[[ DATA FOR ANALYSIS open ]]
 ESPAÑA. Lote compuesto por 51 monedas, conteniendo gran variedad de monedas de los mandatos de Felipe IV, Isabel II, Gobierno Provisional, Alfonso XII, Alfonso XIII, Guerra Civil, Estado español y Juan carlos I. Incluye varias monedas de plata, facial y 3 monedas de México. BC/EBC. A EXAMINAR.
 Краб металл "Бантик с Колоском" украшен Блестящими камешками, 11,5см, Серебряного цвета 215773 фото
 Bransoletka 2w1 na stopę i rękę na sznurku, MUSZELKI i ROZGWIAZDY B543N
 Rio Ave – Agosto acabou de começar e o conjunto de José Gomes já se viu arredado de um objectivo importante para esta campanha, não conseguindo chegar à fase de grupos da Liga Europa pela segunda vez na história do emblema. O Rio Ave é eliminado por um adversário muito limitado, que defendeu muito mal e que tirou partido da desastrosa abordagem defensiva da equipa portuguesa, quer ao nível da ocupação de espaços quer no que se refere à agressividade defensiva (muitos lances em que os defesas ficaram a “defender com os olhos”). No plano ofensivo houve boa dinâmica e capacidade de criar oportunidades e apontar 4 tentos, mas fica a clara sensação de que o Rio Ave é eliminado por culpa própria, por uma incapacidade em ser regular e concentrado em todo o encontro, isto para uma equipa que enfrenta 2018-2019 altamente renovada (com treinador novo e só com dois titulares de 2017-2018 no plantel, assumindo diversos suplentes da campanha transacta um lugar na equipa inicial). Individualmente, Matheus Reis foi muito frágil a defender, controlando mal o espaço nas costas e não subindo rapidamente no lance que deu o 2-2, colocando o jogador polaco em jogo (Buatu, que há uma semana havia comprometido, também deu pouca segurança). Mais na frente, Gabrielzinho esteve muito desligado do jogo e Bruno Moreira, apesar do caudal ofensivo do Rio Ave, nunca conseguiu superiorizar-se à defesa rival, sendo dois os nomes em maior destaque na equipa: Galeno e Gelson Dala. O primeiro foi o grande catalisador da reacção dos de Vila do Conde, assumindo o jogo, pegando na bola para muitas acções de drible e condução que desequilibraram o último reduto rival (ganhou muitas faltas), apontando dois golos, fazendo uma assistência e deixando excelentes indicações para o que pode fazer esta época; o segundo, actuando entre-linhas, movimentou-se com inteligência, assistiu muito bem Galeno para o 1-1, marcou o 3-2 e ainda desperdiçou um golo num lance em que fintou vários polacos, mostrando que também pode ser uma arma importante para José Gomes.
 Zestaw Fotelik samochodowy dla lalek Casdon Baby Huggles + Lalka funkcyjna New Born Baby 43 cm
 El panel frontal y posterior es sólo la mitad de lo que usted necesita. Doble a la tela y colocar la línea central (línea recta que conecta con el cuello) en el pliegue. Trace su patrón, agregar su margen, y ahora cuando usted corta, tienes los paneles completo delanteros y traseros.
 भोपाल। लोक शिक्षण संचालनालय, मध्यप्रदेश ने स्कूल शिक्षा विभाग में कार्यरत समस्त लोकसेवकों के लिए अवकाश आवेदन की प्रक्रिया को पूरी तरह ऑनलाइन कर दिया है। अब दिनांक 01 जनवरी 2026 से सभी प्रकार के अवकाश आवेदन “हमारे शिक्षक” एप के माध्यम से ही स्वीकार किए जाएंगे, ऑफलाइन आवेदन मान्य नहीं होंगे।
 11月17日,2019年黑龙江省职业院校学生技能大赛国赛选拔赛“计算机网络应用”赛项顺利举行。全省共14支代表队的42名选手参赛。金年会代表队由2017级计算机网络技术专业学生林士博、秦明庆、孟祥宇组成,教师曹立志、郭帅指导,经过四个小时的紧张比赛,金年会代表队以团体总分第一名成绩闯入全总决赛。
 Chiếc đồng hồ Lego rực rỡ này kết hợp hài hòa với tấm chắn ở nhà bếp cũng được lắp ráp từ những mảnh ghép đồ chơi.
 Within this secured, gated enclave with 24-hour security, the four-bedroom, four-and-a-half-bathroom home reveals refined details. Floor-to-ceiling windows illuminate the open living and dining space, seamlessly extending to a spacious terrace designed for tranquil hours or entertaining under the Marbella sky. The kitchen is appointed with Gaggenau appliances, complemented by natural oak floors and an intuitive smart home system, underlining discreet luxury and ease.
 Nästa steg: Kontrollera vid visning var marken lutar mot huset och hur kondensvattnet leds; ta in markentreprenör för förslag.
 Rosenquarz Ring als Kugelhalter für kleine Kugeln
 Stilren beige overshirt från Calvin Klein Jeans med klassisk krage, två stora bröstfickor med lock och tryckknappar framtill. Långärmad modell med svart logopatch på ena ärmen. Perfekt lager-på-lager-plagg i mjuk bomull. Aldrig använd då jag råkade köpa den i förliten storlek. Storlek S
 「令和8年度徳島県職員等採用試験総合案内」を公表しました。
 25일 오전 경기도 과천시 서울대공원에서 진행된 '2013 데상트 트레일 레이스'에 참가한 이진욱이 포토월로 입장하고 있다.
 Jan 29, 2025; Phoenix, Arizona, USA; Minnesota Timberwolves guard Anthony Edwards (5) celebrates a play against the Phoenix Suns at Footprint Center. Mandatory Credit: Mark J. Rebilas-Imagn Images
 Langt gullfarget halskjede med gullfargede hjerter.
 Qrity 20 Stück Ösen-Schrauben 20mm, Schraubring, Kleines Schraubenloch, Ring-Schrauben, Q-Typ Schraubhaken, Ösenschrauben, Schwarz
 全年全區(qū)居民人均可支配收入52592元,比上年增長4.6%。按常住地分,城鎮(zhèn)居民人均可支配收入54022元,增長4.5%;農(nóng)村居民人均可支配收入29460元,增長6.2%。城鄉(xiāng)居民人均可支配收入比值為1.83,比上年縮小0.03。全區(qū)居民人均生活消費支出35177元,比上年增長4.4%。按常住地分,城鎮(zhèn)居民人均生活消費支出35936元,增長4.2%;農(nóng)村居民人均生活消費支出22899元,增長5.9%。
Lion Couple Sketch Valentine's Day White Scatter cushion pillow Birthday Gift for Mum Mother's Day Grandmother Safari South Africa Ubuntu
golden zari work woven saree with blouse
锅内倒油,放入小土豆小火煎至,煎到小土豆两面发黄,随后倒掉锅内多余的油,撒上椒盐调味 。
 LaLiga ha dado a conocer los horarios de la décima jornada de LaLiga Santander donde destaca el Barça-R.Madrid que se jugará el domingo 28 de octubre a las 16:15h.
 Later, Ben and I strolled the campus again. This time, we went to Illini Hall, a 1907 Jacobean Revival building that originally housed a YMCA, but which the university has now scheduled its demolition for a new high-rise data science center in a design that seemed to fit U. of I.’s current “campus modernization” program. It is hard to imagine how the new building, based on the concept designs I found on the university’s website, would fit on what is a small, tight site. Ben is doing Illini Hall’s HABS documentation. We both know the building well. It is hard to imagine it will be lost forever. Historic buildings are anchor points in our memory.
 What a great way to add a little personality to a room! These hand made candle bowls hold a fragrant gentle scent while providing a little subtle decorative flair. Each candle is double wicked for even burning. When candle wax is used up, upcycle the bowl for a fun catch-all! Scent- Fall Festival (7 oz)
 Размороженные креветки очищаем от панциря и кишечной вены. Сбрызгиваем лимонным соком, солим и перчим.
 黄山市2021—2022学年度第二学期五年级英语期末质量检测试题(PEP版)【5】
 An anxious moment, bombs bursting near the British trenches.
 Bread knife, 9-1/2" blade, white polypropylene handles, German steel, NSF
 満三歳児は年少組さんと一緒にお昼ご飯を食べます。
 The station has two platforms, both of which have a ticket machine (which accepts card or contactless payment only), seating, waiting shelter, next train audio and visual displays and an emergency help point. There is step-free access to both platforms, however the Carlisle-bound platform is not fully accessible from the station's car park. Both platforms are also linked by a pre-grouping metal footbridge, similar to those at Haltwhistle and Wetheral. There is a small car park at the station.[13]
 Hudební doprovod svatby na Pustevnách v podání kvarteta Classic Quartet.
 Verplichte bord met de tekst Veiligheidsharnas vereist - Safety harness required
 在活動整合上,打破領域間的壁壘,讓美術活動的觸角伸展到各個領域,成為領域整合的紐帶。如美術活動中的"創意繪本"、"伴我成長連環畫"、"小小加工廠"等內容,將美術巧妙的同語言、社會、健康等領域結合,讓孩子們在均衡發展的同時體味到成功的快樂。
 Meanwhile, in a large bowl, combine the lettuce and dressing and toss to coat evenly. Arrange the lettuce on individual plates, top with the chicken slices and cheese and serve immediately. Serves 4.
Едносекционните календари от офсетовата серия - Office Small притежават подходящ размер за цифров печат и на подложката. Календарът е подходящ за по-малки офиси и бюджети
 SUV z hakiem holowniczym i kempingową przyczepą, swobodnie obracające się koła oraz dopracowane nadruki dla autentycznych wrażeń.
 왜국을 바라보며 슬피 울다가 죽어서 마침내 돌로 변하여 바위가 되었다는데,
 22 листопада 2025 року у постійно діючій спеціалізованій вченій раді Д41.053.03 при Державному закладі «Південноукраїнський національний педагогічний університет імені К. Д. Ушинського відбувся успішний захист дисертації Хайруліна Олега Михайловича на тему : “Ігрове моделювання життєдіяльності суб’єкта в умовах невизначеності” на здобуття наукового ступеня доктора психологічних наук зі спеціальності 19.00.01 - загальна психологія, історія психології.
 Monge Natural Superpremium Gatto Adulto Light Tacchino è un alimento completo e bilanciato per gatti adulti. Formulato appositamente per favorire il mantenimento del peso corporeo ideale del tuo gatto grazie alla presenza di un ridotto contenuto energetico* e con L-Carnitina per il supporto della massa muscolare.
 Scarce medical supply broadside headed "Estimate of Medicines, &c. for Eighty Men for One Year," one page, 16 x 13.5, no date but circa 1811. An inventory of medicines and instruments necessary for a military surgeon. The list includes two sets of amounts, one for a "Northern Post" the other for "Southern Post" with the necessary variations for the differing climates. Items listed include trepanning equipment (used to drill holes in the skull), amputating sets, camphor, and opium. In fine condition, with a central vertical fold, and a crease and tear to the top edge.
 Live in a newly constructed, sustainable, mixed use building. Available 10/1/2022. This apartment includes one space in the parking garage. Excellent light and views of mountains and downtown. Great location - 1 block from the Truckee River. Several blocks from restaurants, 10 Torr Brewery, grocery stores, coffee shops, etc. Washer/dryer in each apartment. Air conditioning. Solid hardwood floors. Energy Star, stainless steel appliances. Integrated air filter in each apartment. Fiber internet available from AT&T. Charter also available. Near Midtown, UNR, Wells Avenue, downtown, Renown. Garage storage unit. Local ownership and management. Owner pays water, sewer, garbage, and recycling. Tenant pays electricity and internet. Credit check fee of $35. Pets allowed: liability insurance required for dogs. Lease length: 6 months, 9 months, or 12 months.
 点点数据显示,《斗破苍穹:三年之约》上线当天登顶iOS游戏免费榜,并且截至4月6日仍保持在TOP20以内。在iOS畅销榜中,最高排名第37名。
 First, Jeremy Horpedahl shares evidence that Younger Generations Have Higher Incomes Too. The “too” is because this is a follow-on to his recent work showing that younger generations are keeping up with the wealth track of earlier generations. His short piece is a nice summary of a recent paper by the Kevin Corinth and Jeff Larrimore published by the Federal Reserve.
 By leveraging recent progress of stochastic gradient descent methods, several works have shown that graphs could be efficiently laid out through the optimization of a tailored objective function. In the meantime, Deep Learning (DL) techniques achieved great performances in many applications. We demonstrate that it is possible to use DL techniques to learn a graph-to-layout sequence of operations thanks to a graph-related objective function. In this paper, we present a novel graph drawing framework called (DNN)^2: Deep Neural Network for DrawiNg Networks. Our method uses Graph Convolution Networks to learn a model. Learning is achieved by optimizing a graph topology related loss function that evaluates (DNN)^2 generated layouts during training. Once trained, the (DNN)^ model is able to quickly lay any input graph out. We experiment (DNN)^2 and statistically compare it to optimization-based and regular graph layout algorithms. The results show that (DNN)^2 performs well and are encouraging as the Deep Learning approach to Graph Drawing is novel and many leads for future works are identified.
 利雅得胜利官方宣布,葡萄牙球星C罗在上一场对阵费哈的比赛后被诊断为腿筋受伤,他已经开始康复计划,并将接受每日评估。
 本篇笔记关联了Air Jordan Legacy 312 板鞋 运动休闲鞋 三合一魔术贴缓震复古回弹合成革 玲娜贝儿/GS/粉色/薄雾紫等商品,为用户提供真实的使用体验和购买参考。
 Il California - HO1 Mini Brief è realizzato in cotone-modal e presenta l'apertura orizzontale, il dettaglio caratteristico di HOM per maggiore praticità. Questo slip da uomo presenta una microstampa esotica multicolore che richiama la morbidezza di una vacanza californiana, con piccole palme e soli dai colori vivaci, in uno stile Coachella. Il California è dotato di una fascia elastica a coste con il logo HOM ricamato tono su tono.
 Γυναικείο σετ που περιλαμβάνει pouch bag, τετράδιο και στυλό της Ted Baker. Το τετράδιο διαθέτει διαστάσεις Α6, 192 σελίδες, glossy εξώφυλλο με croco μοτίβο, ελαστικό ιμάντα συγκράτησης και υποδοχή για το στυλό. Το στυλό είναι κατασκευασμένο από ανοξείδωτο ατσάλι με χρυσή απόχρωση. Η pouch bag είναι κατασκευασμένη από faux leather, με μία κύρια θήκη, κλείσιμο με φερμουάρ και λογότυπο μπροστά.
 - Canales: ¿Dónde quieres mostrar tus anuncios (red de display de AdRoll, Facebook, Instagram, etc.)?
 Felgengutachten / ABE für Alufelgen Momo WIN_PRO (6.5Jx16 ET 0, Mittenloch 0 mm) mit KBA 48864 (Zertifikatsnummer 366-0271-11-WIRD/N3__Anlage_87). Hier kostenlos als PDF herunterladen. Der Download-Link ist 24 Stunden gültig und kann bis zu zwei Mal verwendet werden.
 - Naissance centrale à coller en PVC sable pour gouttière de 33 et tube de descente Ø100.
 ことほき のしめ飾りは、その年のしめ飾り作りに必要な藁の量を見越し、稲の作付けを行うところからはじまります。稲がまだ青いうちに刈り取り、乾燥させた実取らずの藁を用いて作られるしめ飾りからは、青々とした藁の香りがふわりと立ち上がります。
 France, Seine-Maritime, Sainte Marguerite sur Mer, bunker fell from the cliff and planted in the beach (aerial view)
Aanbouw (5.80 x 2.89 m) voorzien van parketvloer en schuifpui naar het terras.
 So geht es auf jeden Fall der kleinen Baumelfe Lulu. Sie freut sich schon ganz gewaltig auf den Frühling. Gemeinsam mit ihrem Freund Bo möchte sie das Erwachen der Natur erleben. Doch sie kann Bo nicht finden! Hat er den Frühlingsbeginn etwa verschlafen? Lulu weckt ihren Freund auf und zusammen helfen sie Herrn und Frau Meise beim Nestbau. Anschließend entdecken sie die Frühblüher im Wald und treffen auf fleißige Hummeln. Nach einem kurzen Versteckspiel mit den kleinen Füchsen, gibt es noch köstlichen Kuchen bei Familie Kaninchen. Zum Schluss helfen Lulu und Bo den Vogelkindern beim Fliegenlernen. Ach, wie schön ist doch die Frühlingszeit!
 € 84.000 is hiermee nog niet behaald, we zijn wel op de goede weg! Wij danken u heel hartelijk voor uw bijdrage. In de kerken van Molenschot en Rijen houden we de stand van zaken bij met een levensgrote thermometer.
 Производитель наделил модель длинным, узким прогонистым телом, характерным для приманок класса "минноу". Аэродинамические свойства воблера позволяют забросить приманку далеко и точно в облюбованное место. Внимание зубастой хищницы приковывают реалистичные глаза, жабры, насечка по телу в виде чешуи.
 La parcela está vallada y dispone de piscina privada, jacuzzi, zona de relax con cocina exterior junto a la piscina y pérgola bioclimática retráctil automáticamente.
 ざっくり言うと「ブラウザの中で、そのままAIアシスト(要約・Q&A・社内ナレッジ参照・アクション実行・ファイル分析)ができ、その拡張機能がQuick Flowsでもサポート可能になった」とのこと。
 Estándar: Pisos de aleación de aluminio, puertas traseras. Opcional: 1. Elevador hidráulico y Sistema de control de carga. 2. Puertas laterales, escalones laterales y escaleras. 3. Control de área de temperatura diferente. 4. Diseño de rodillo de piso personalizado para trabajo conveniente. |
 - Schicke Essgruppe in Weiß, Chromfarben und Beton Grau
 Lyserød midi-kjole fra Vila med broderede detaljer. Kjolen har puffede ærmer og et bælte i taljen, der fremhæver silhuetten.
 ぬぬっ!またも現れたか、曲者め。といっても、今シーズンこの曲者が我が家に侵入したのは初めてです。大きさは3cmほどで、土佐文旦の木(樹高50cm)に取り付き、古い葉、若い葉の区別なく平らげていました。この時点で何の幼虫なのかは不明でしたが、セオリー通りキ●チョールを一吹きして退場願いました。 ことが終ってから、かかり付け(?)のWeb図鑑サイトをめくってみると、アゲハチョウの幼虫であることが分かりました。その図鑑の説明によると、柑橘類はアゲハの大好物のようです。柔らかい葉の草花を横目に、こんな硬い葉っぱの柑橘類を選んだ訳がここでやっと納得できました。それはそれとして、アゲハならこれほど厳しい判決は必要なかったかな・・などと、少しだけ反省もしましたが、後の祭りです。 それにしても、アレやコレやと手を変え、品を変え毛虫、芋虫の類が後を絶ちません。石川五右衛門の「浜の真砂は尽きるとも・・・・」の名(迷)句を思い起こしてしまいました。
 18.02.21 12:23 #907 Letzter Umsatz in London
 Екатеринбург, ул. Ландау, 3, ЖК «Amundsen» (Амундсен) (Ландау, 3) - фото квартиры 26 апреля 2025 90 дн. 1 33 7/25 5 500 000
[[ DATA FOR ANALYSIS closed ]]
#### WHAT IS BEING ASKED
All lines above that hold the string "steel" should be copied.

#### RESPONSE AREA
 Bread knife, 9-1/2" blade, white polypropylene handles, German steel, NSF
 Live in a newly constructed, sustainable, mixed use building. Available 10/1/2022. This apartment includes one space in the parking garage. Excellent light and views of mountains and downtown. Great location - 1 block from the Truckee River. Several blocks from restaurants, 10 Torr Brewery, grocery stores, coffee shops, etc. Washer/dryer in each apartment. Air conditioning. Solid hardwood floors. Energy Star, stainless steel appliances. Integrated air filter in each apartment. Fiber internet available from AT&T. Charter also available. Near Midtown, UNR, Wells Avenue, downtown, Renown. Garage storage unit. Local ownership and management. Owner pays water, sewer, garbage, and recycling. Tenant pays electricity and internet. Credit check fee of $35. Pets allowed: liability insurance required for dogs. Lease length: 6 months, 9 months, or 12 months.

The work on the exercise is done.